Splash makes loose powder e/s, and theyre gorgeous. Theres one called sea turtle, that is nearly identical to Golden olive pigment, and one called oyster pink that is IDENTICAL to goldenaire pigment. All of them are so pretty and have the same finish as most mac pigments. and theyre cheap


----------



## pumpkincat210 (Sep 26, 2006)

This thread may help you out..
http://www.specktra.net/showthread.p...pigment+brands


----------



## miss_emc (Oct 4, 2006)

I've tried the Stila loose shimmer pots in a few colours and they are nice colours and very shimmery but they are quite sheer. If you want true eye-popping colour you really have to apply quite a few times, but they look really pretty on!


----------



## flowerhead (Oct 4, 2006)

http://www.barrym.co.uk/index.cfm?fu..._pro  duct=465


----------



## kimmy (Oct 10, 2006)

http://www.fyrinnae.com makes some really pretty loose powder pigments. i, personally haven't tried them yet, but check out smiles4c's FOTDs, she uses this stuff quite often and it looks amazing!


----------



## le{danielle} (Jan 16, 2007)

*Re: Products similar to MAC Pigments?*

Quote:

   Originally Posted by *Beauty Mark* 

 
_http://www.modcosmetics.com/pigments.htm
I haven't tried this, but I heard these are good._

 
Just as a caution,
I tried the eyeshadows from there,
And they faded on my skin within two hours,
this was with a base as well.

Not sure about the pigments though.
But just incase


----------



## kalice (Jan 24, 2007)

*Re: Products similar to MAC Pigments?*

Annabelle's (Canadian company) makes some gorgeous loose powders and pencil crayons. The loose powder colour payoff is similiar to MAC pigments but they're more finely milled and texture is gravitating more towards bare essential pigments than MAC ones. Nonetheless, its very pretty. However, after getting MAC pigments, I'm looking for ways to get rid of my Annabelle loose eyeshadows


----------



## Cruella (Jan 24, 2007)

*Re: Products similar to MAC Pigments?*

I've tried Twisted Fayte and Pure Luxe loose eyeshadows and both are great.


----------



## martygreene (Jan 24, 2007)

*Re: Products similar to MAC Pigments?*

MUFE's star powders and diamond powders are great. Obessive Compulsive Cosmetics also makes wonderful Loose Color Concentrates.

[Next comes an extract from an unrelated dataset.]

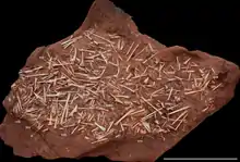 The holotype, CP.V 1449, was found in a sandstone layer of the Goio-Erê Formation, of Early Cretaceous age,[5] in the Paraná Basin.[6] It consists of a partial skeleton including the skull, lower jaws, neck vertebrae and wing elements. Many hundreds of bones have been discovered, concentrated in several bone beds, and representing at least forty-seven individuals but probably many more. In the total assembly, all elements of the skeleton are present. The bones have been three-dimensionally preserved, not compressed, but are only rarely articulated. The individuals found are often juveniles; adult animals are much rarer, only represented by two skulls and three humeri. Good specimens have been assigned as paratypes, the more fragmentary ones have been referred.[4]
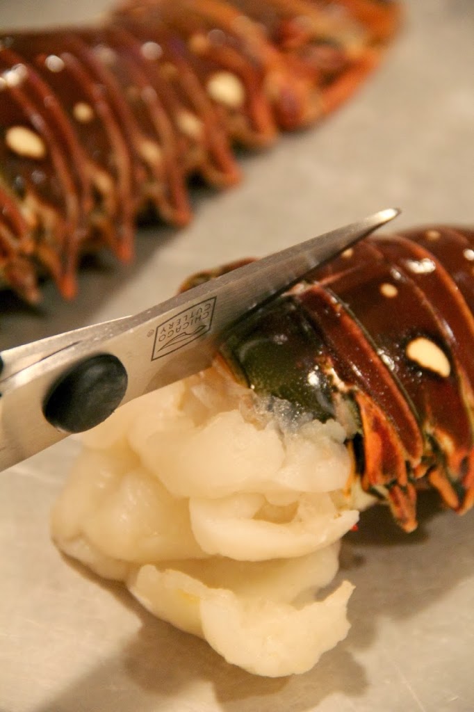 - Start by cutting the shell of the lobster tail right down the middle with a clean kitchen shears. Try not to cut into the meat. Cut above the meat so you're cutting the shell only.

If you are looking for REAL pigments (not the type of thing that MAC mislabels as pigment), MUFE's pure pigments and OCC's pure cosmetic pigments are great.


----------



## becca (Jan 25, 2007)

*Re: Products similar to MAC Pigments?*

The Barry M. Dazzle Dusta are great. Great colour-range.

http://www.barrym.co.uk/index.cfm?fu...&i_category=85

but I don't know if they ship in the US.  -> I had a look right now: they ship internationally.


----------



## macslut (Jan 25, 2007)

*Re: Products similar to MAC Pigments?*

One I would say to NOT try are Cargo's eyeshimmer powders.  I got a bunch of mini ones in a set for Christmas and they were horrible.  Went all over the place...hard to control.  There were some bizarre colors like a medium burnt type orange.  Horrible.  I gave them to a 6 year old.


----------



## becca (Feb 4, 2007)

*Re: Products similar to MAC Pigments?*

today i bought three of the gosh piggies (6 euro each) and they are very similar to mac pigments.

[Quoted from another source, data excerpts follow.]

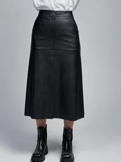 Юбка кожаная трапеция с разрезом спереди 83 см
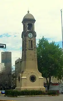 Another area which formed a well-defined Chinese community was Mexico City. At the turn of the century, there were only 40 Chinese registered here, but by 1910, there were 1,482.[42][43] By the 1920s, the community, centered on Dolores Street just south of the Alameda Central and Palacio de Bellas Artes, was firmly established and growing.[34][44] One reason for this was that at the beginning of the Mexican Revolution, many Chinese in the north migrated south to here, both to flee the violence and the growing anti-Chinese sentiment. These people joined with the Chinese already living in the capital, who had businesses in which to employ the “new Chinese.”[45] The Chinese community expanded by forming new businesses in and around the historic center of the city. One common business was the “café de chinos” or Chinese restaurantes serving both Chinese and Mexican food. These can still be found in Mexico City today.[46] One area outside of “Barrio Chino” which became home to many Chinese business was Avenida Bucareli (Bucareli Avenue). Here a clock was built and donated by the Chinese community to commemorate the Centennial of Mexico's Independence in 1910. The original was destroyed during the Decena trágica of February 1913, but it was replaced.[47]
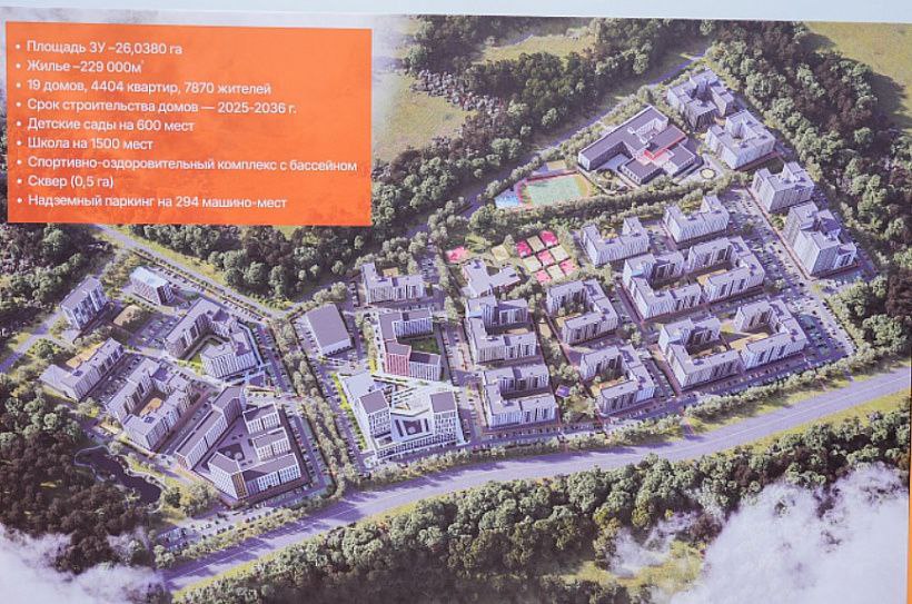 На 26 га разместятся 19 домов, в которых будет почти 4,5 тысячи квартир, детские сады на 600 мест, общеобразовательная школа и школа искусств, ФОК, сквер. Работы будет вести компания «Железно».

http://www.goshcosmetics.com/

becca


----------



## Juneplum (Feb 5, 2007)

*Re: Products similar to MAC Pigments?*

Quote:

   Originally Posted by *martygreene* 

 
_MUFE's star powders and diamond powders are great._

 
i was just going to say that! i LOVE MUFE's loose pigments


----------



## LMcConnell18 (Feb 6, 2007)

*Re: Products similar to MAC Pigments?*

i know they arent pigments, but the girl at ulta showed me how to layer them to increase the brightness of the color. i like studio gears shimmer loose eyeshadows! very complimenting! they come in GORGEOUS colors too!


----------



## madkitty (Feb 6, 2007)

*Re: Products similar to MAC Pigments?*

BarryM do a range in the UK and they are amazing!!!


----------



## Showgirl (Feb 6, 2007)

*Re: Products similar to MAC Pigments?*

All the UK gals (and guys) spreadin' the word here about Barry M dazzledusts are bang on - they ARE cute little pots of highly pigmented loveliness... the only problem I personally have with them is that some of the warm colours (reds, pinks, lilacs) seem to shift tone on my skin and muddy up, which is disappointing. My boyfriend wears those exact colours all the time  (I passed the pots on to him when they were no good for me), and they go on nice and bright and colour true for HIM, even without base or anything, so I think the problem I'm having is some freak of my own body chemistry rather than a problem with the product.... I do use the Barry M black all the time though and consider it one of the better sparkly black eyeshadows available on the market, nice and dark and pigmented, for a very reasonable price.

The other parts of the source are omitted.